The social districts in Ferndale cover both the east and west sides of Woodward Avenue. This map shows the projected boundaries for the districts, but the city stated that it had not been finalized.

Map by Jason Clancy

Ferndale’s social districts to open more outdoor space to alcohol consumption

By: Mike Koury | Woodward Talk | Published February 9, 2021

FERNDALE — The city of Ferndale is considering the establishment of social districts to support businesses in the downtown.

During its Jan. 25 meeting, the City Council received a presentation from Downtown Development Authority Executive Director Lena Stevens on the creation of two social districts in Ferndale’s downtown.

The social districts, which would be referred to as The Ferndale Patio Zone, would allow patrons at participating businesses to purchase alcoholic beverages and consume them in a designated area.

“Within those social districts there are something called commons areas in which restaurants or any business with a liquor license can actually sell a drink in a 16-ounce or less cup for people to take outside and enjoy outside,” Stevens said during the meeting. “This allows for more social distancing and perhaps, you know, keeping people a little bit safer and maybe a little more attractive to come to downtown if they didn’t have to be inside.”

As laid out in the presentation, there would be one district on the east side of Woodward Avenue and another on the west side. Only drinks served in official Patio Zone cups would be allowed to be taken outside. The area was made large, as there was fear that smaller areas would lead to too much congregation and turn them into party areas. The DDA would be responsible for developing and implementing a management plan with city staff.

Under the rules, if a patron buys a cup in Patio Zone east, they can’t take it with them to Patio Zone west. Customers also can’t reuse the cups and would have to discard them after consuming their beverages.

All of these governing rules are set by the state as part of the program, City Manager Joe Gacioch told the Woodward Talk. He also elaborated that if you buy a cup from one restaurant, you can’t bring that cup into another restaurant and would have to get a new cup from the new restaurant.

“When the Michigan Liquor Control Commission is setting it, they’re always concerned about safety first, making sure that there are measures in place to mitigate minors consuming alcohol, and so restricting the use of the cups is one way to do that,” he said. “They’re also applying some kind of measures of control to make sure that we’re not encouraging overconsumption.”

The social districts would be piloted by the city and DDA from April 1 to June 30. The proposed hours would be noon to 10 p.m. Thursdays to Sundays.

“That would give us enough time to test the idea, to work out any kinks and then to also say we need to have a check-in and say maybe this isn’t right for us or maybe we need to change something,” Stevens said.

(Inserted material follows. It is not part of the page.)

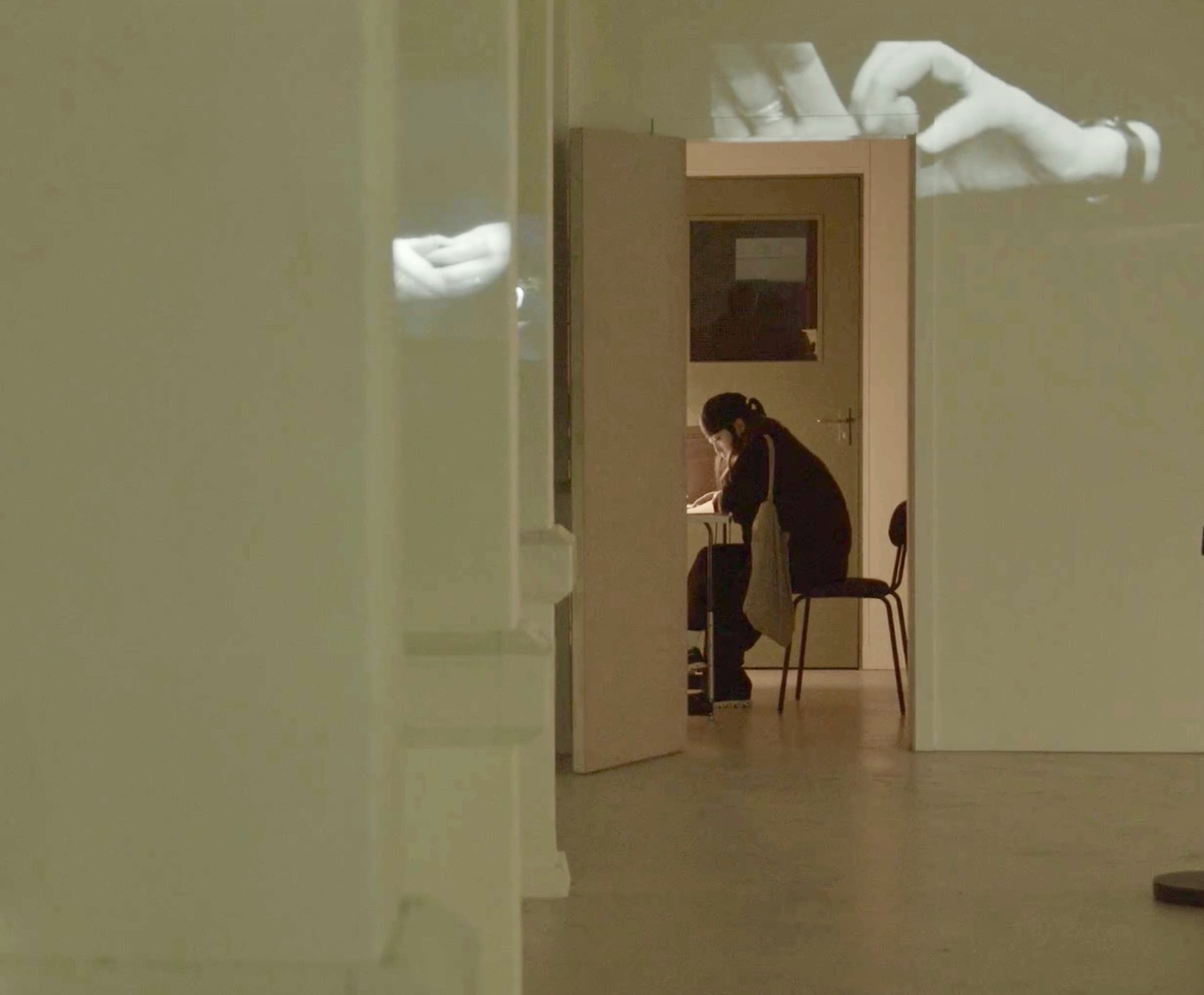 In Fig 2, just through the doorwayframed by giant hands, you can see a woman who looks like she is sitting and reading. What she is actually doing is watching a miniature version of one of my films projected onto a page of a book.

The plan is expected to return to the City Council for approval on Feb. 22. It also will go before the DDA board for a vote Feb. 11. If both bodies approve the social districts, Ferndale and the DDA will begin to reach out to potential participants, create a city permit process for businesses to apply, and send the applications to the Michigan Liquor Control Commission. They expect the MLCC to take two to three weeks to review the applications.

Once the approval is obtained, the city will begin the program’s implementation by guiding the businesses through both Ferndale’s and the MLCC’s permit process.

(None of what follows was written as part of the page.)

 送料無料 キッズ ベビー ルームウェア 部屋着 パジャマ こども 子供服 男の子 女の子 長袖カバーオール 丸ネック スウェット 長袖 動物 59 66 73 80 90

Stevens believes this is something that Ferndale should try.

“I recognize that it’s new, I recognize that it’s different, and I also recognize that maybe we decide later that it’s not the right fit, but businesses are struggling,” she said. “I believe that social distancing is going to be important for at least another year. I think people are not going to be used to being together, even if I could snap my fingers and make it safe tomorrow. We’ve all gotten used to being pretty distant from each other, so I think offering this is a great way to deal with that and still be able to go out and support our businesses.”